Currently we have per-entry mutexes and also BDB locks for every cached item. The mutex overhead is ridiculous, 40-some bytes per mutex x 10 million entries is a lot of wasted storage. Especially since a single slapd can only actually lock 2-3 items per thread - i.e., we only need on the order of 100 locks, ever. The sane thing to do here is continue to use the BDB approach to locking, but with fewer options.
By default BDB allocates a new locker for every database handle and every cursor that's created. This actually causes us a lot of trouble since it allows two cursors created by the same thread to deadlock each other. (And it's why we had to go to the trouble of wrapping read operations in a TXN, even though we don't need any of the ACID properties for reads.) For mdb we will want an API for which (essentially) threadID == lockerID and cursors and such will not have their own lockerIDs.
Actual locks will be managed in separate tables. The most common case will be locks indexed by entryID. For this case we can easily structure the table to minimize lock and cache contention. E.g., for 16 threads, use a 16x16 array of structures. Each element contains a vector of 16 (mutex,locker,entryID) tuples. The element to lock for a given entryID is ((entryID & 0xff0) >> 4). In the worst case of all 16 threads going after the same entry, they will all be waiting on a single mutex which is no worse than what we have now. For all 16 threads going after the same slot, they will simply have to use other slots in the lock vector.
But in the typical case, all threads will be going after different mutexes residing in different processor cachelines. And, a thread that is iterating sequentially through the database will be re-using the same mutex/cacheline for 16 entries at a time.
(16 was chosen just for the purpose of this example.

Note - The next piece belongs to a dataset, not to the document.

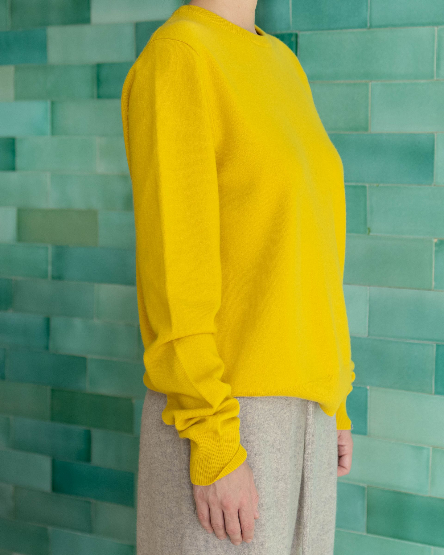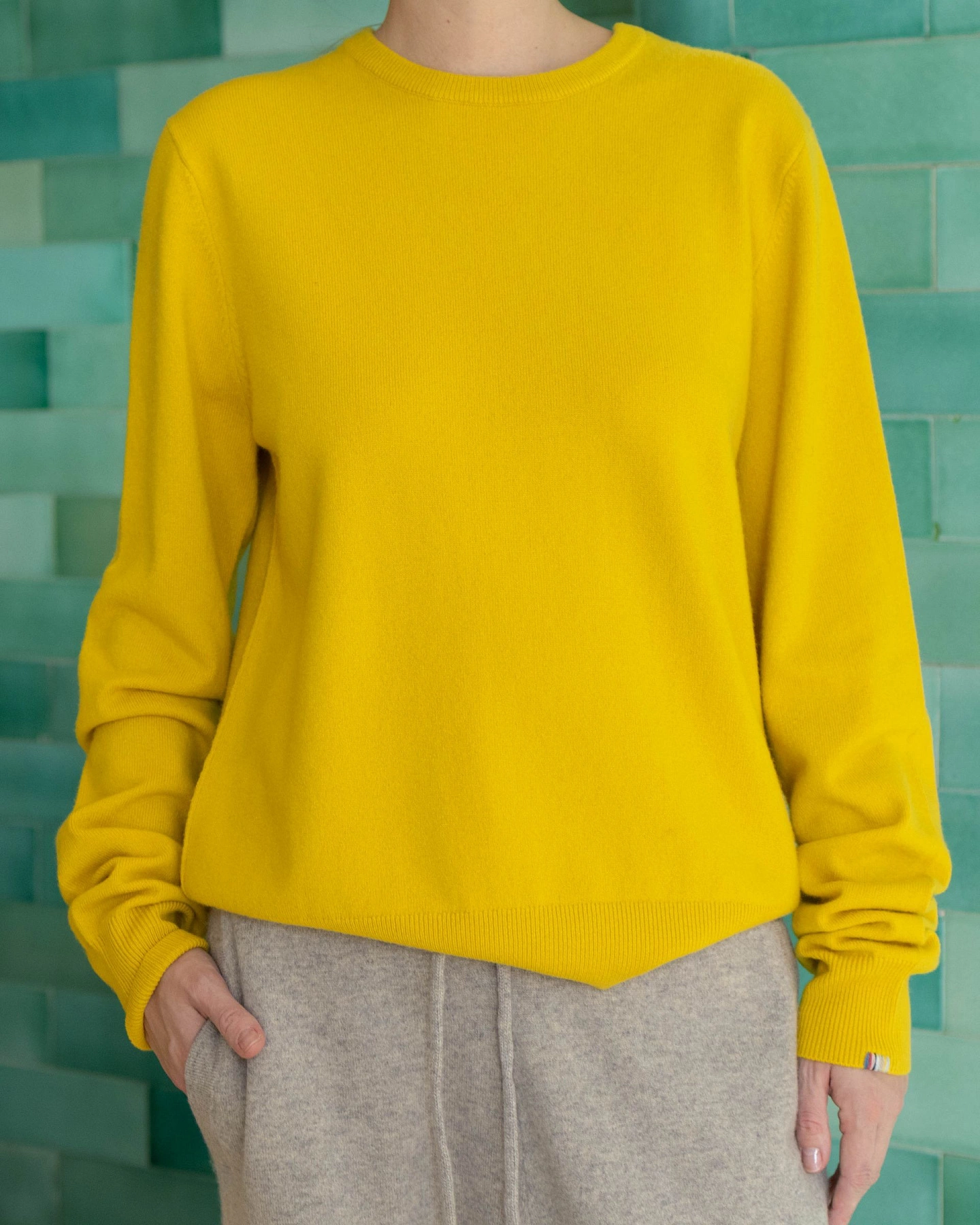 The Extreme Cashmere brand was founded by Saskia Dijkstra in 2016. With over two decades of experience in cashmere production, Saskia dreamed of creating a cashmere sweater that matched her vision. She decided to refuse to compromise on color and design, and to sacrifice quality for the sake of lowering the price. Extreme Cashmere does not follow the traditional fashion cycle, offering a permanent collection suitable for all seasons and occasions. The garments are gender and size-less, focusing on finding the perfect fit for everyone rather than sizes

The actual numbers should be derived from the maximum number of threads allowed to access the database.)
Howard Chu wrote:
There are two main problems being addressed by the mdb approach - eliminating multiple layers of cache copying, and eliminating multiple layers of locking.
Currently we have per-entry mutexes and also BDB locks for every cached item. The mutex overhead is ridiculous, 40-some bytes per mutex x 10 million entries is a lot of wasted storage. Especially since a single slapd can only actually lock 2-3 items per thread - i.e., we only need on the order of 100 locks, ever. The sane thing to do here is continue to use the BDB approach to locking, but with fewer options.
Note that we can use this locking approach in back-bdb too, but aside from the memory savings I don't see it giving any performance gain. The real gain comes from completely eliminating one layer of locks, not just from streamlining one layer but keeping both layers.